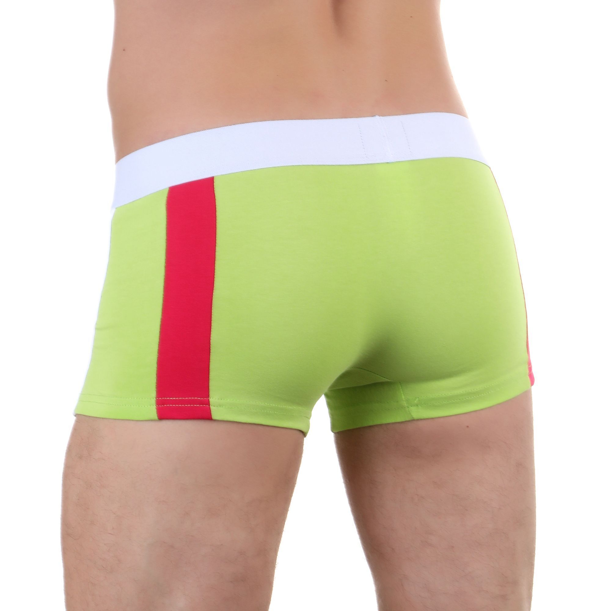 Трусы-боксеры имеют стандартную форму, что делает их универсальными для любого гардероба. Они подходят для мужчин всех возрастов и могут использоваться как в повседневной жизни, так и в спортивных активностях. Яркий салатовый цвет с контрастными розовыми вставками добавляет изюминку в ваш образ, делая его более ярким и запоминающимся.
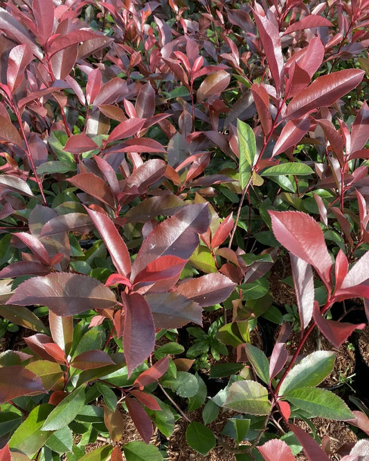 10x PHOTINIA RED ROBIN HEDGING SHRUB PLANTS 2LT POTS WHITE FLOWERS 70CM TALL
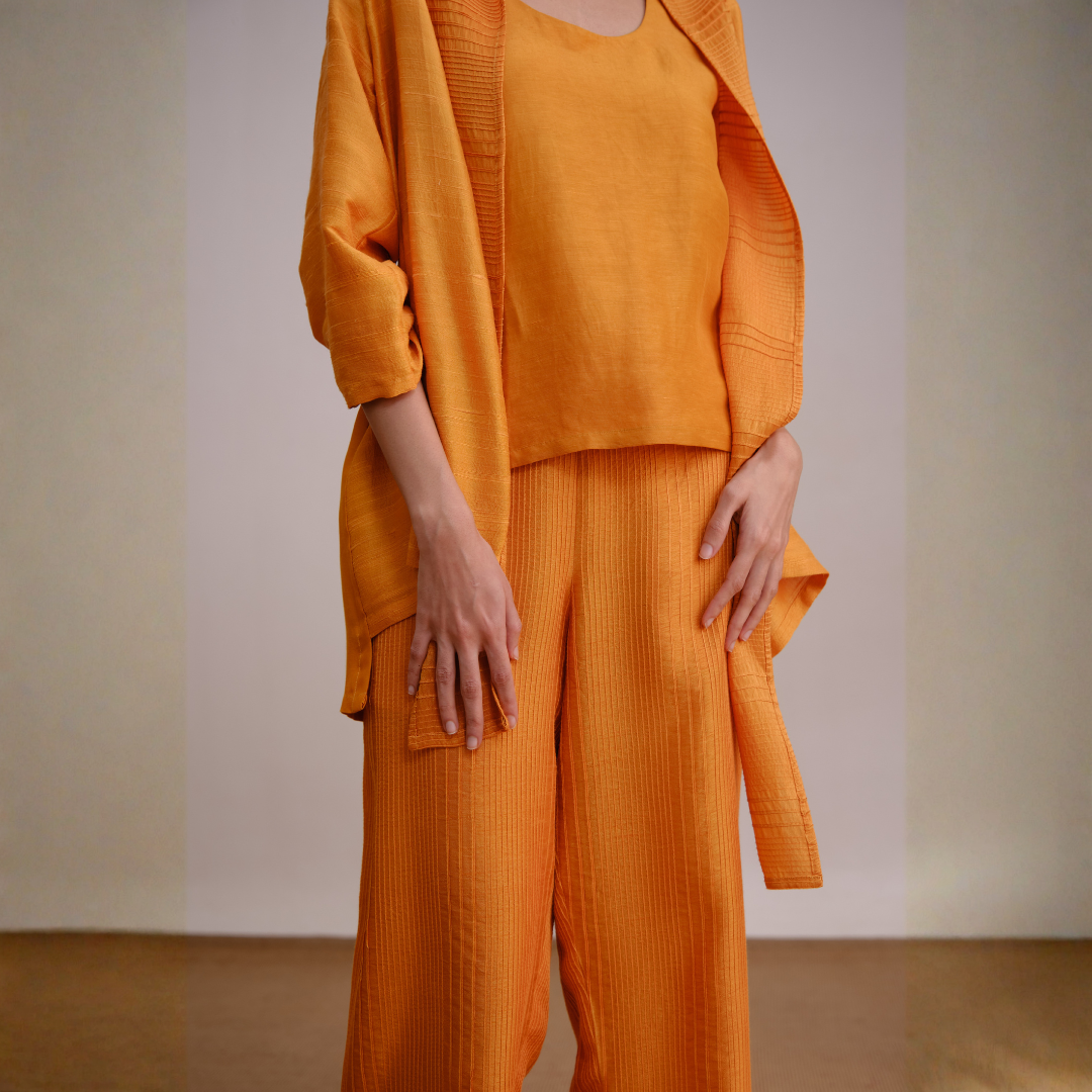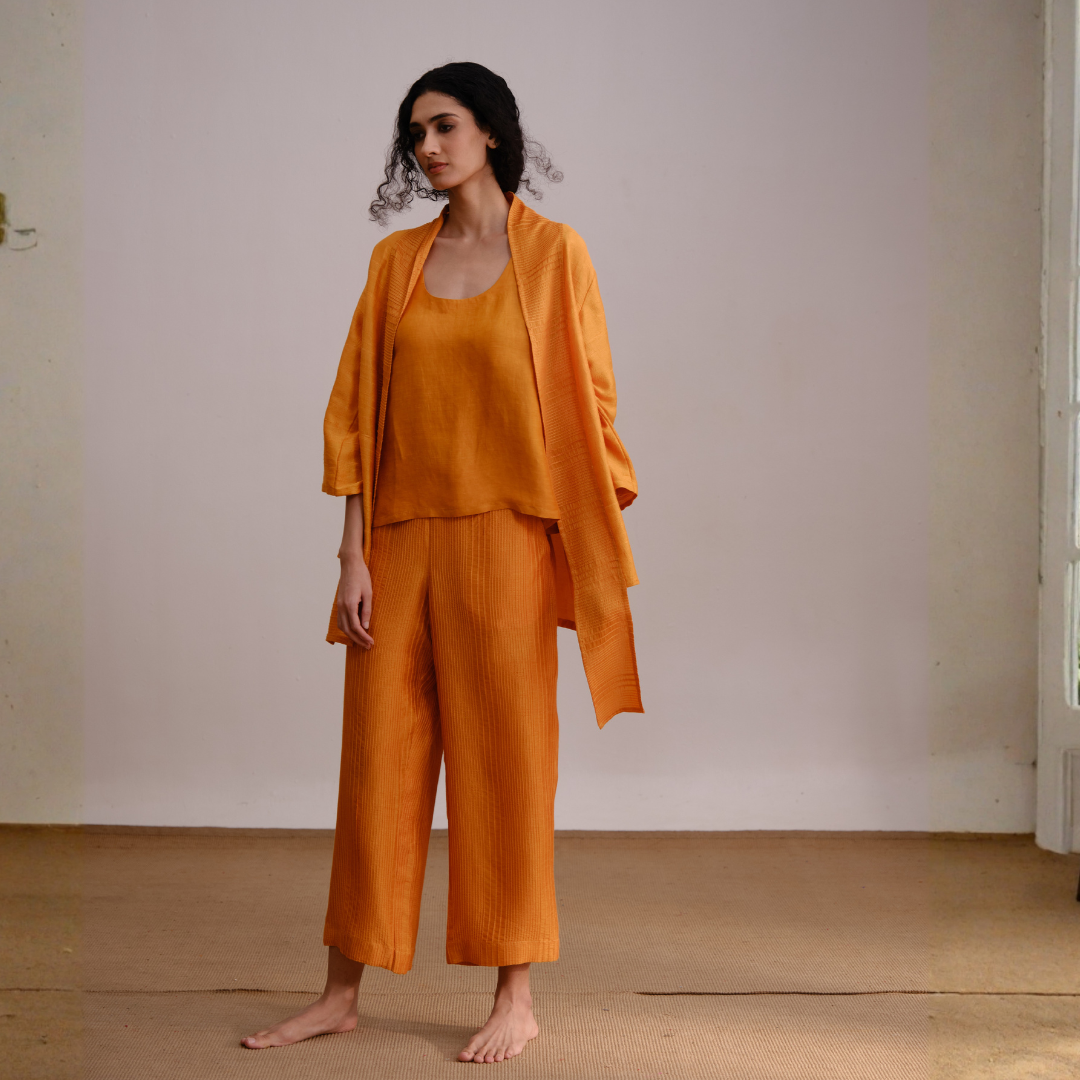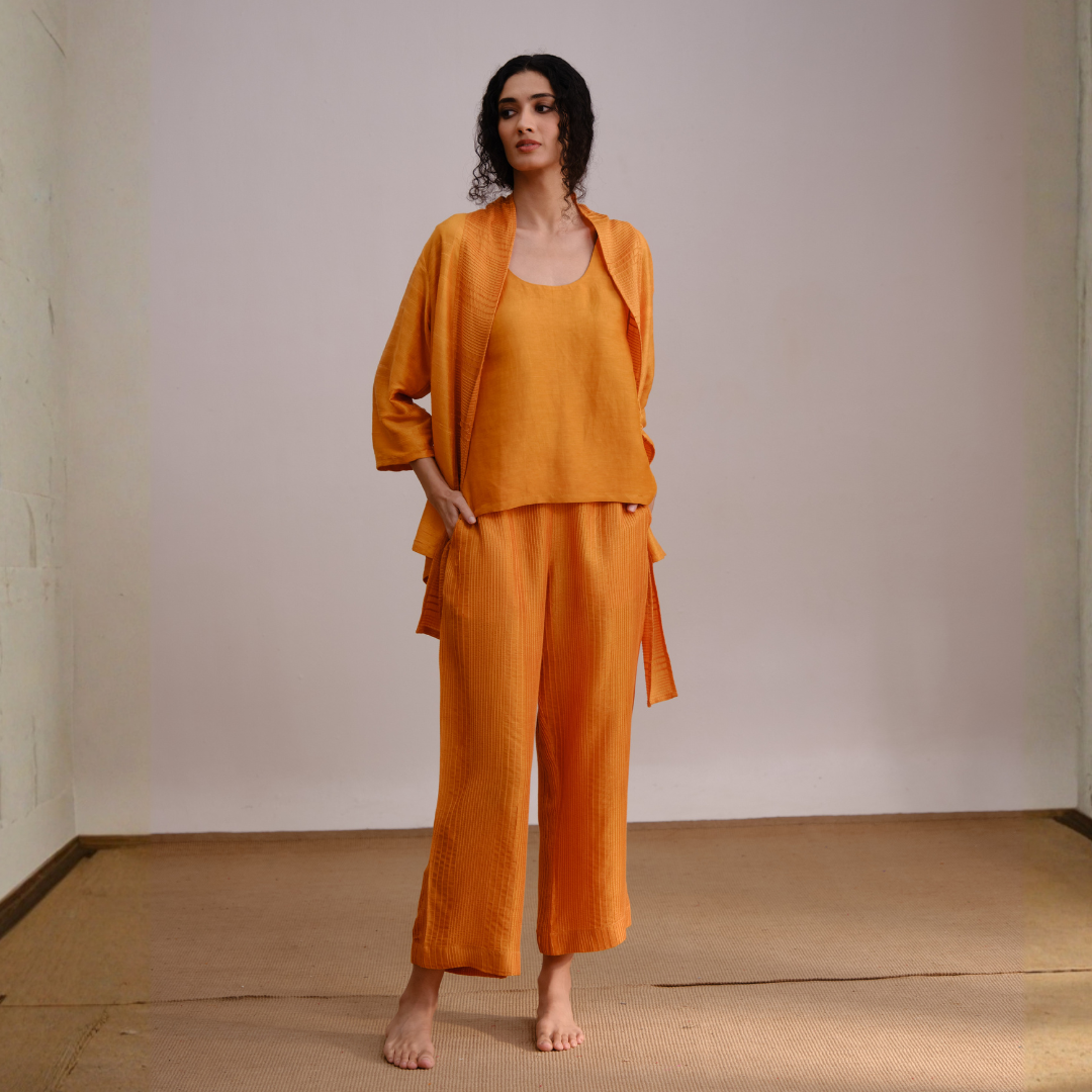 Texas Set is a relaxed, lounge set in a warm, rich orange tone, featuring a loose tank top, wide-leg pants, and a matching open-front layer. Its soft, flowy fabric and barefoot styling give it an effortless, cozy, and minimalist feel.

• [Task] Exactly as written, restate all of the data, leaving out the images.

• [Exercise solution]
 Трусы-боксеры имеют стандартную форму, что делает их универсальными для любого гардероба. Они подходят для мужчин всех возрастов и могут использоваться как в повседневной жизни, так и в спортивных активностях. Яркий салатовый цвет с контрастными розовыми вставками добавляет изюминку в ваш образ, делая его более ярким и запоминающимся.
 10x PHOTINIA RED ROBIN HEDGING SHRUB PLANTS 2LT POTS WHITE FLOWERS 70CM TALL
 Texas Set is a relaxed, lounge set in a warm, rich orange tone, featuring a loose tank top, wide-leg pants, and a matching open-front layer. Its soft, flowy fabric and barefoot styling give it an effortless, cozy, and minimalist feel.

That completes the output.